札幌の隣に、「北広島市」がありますが、ここは中国地方の広島からの移住者が多くて、そう命名された街なのでしょう。入院中、入院中の同民に、『先祖は、どこの出身ですか?』と、何人もの人に聞くのですが、『さあ〜』と返事が返ってきます。もちろん転勤でやって来て、住み着いた人もいますし、様々なのでしょう。それまで北海道を舞台にした映画やテレビ劇で、主人公が使っていた<北海道弁>を、生(なま)で聞いていました。
旭川の近くで育った方が、二度ほど、カップラーメンを、『夜食で食べると、うまいんだわ!』と言ってくれたのです。この方は、開拓農民のお父さんとお母さんに育てられたと言っていました。『朝起きると、肩のあたりに雪が積もっていたさあ!』と言っていました。貧しく、極寒の中を生きてきた人の《逞しさ》が感じられて、同病、同痛、同不安の時を、2週間ほど一緒に過ごしたのです。
冬場は、雪かきをしないと、道路に出られず、その除雪の仕事をして、ソリやスキーの板を履いて学校に通ったのだそうです。同じ中を生きてきた人と話が合って、懐かしそうに過去を探るようにしておられ、それを側で聞いていたのです。そんな生活でありながら、小中と皆勤だったと、遠慮がちに言っていました。
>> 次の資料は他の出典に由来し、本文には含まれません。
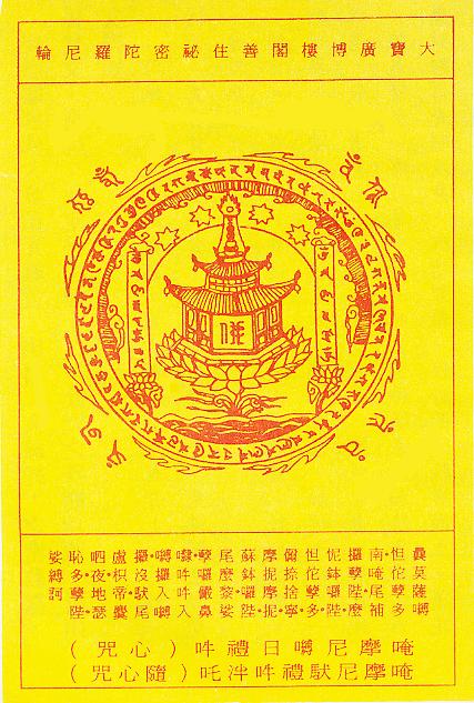 大宝广博楼阁善住秘密陀罗尼轮:出自《大藏经》。功用甚大,举凡家中闹鬼、幼儿多病、屋内阴气重、生意不顺、业障深重等,只须将此张咒轮贴于门上,每日由门下通过,即有无量功德。读者可于附图得见,莲花上有一宝塔,临终时置于胸前,其方向为塔尖向上。此宝塔能令一切恶业皆得消灭,决定当得无上正觉,能于现世获福无量,一切善根皆得圆满,一切魔军皆得调伏,一切众生见者欢喜,有无边功德。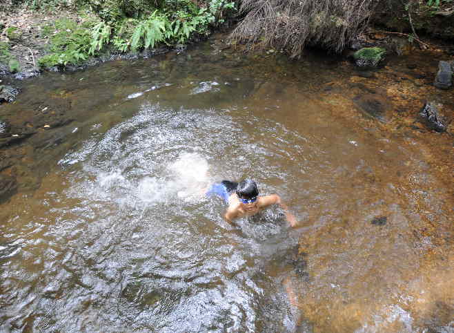 こんばんは。 キャンプ場の川を下流に向かって約10分ちょっとした水遊びスポットがあります。 |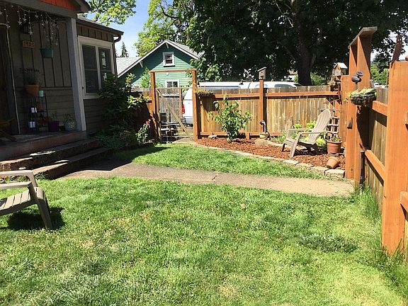 Affordable 2 bedroom 1940 Cottage. Updated Kitchen, stainless steel appliances, black walnut island and cabinets. Nicely landscaped yard, with garden, grapes, and covered area with shed. Small but great level space. Hardwood floors. Wood stove heat in living room makes this place so cozy! Fenced front and back yard, flower beds, and room for a great garden.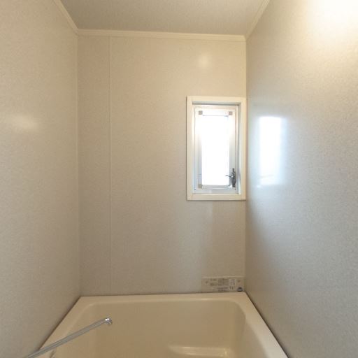 浴室に窓あり(確度87%):浴槽奥に小窓があり、換気や自然光の取り込みができる。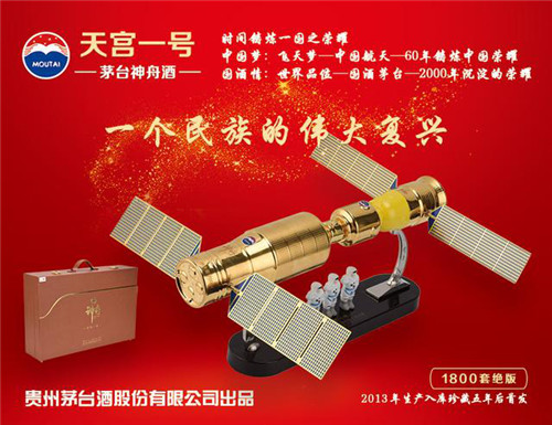 為紀念天宮一號,貴州茅臺酒股份有限公司于2013年12月隆重推出天宮一號特制紀念酒,將天宮一號與神舟十號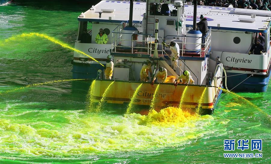 3月16日,在美国芝加哥,工作人员染绿芝加哥河,庆祝圣帕特里克节。 当日,芝加哥市民和游客聚集在芝加哥河两岸,观看染绿河水的活动。每年3月17日的圣帕特里克节是爱尔兰传统节日,为纪念爱尔兰守护神圣帕特里克而设立。 新华社记者王强摄

ここ栃木の方言は、茨城や福島に近い関係で、それに似ているのです。元ボクサーで、世界チャンピオンだった、ガッツ石松が、俳優に転身して、東北弁風のイントネーションで話していたのを聞いていましたが、彼は東北人ではなく、ここ栃木県の出身なのです。それを聞き覚えていましたので、ラジオ体操仲間のみなさんの口調が、彼に同じなので納得したのです。
この広い関東平野の外れ、栃木県北部の鹿沼市(粟野村)が、ガッツ石松の出身地で、貧しい中で育ったからでしょうか、彼にも逞しさが感じられます。その語り口が、自分が育った東京都下の三多摩の街のものと、とても似ているので驚いたのです。
【参照】youtube「良い夢を見た男(栃木弁)」
そう「べえべえ言葉」で、『行くべえ』、『すんべえ』、『けえるべえ』って言ったのです。神奈川県の海老名あたりから、三多摩、群馬、栃木に連なって、そんな訛りがあるようです。山奥から越して来た時、級友たちの話すことばに驚きました。ちっとも東京らしくない、田舎弁だったからです。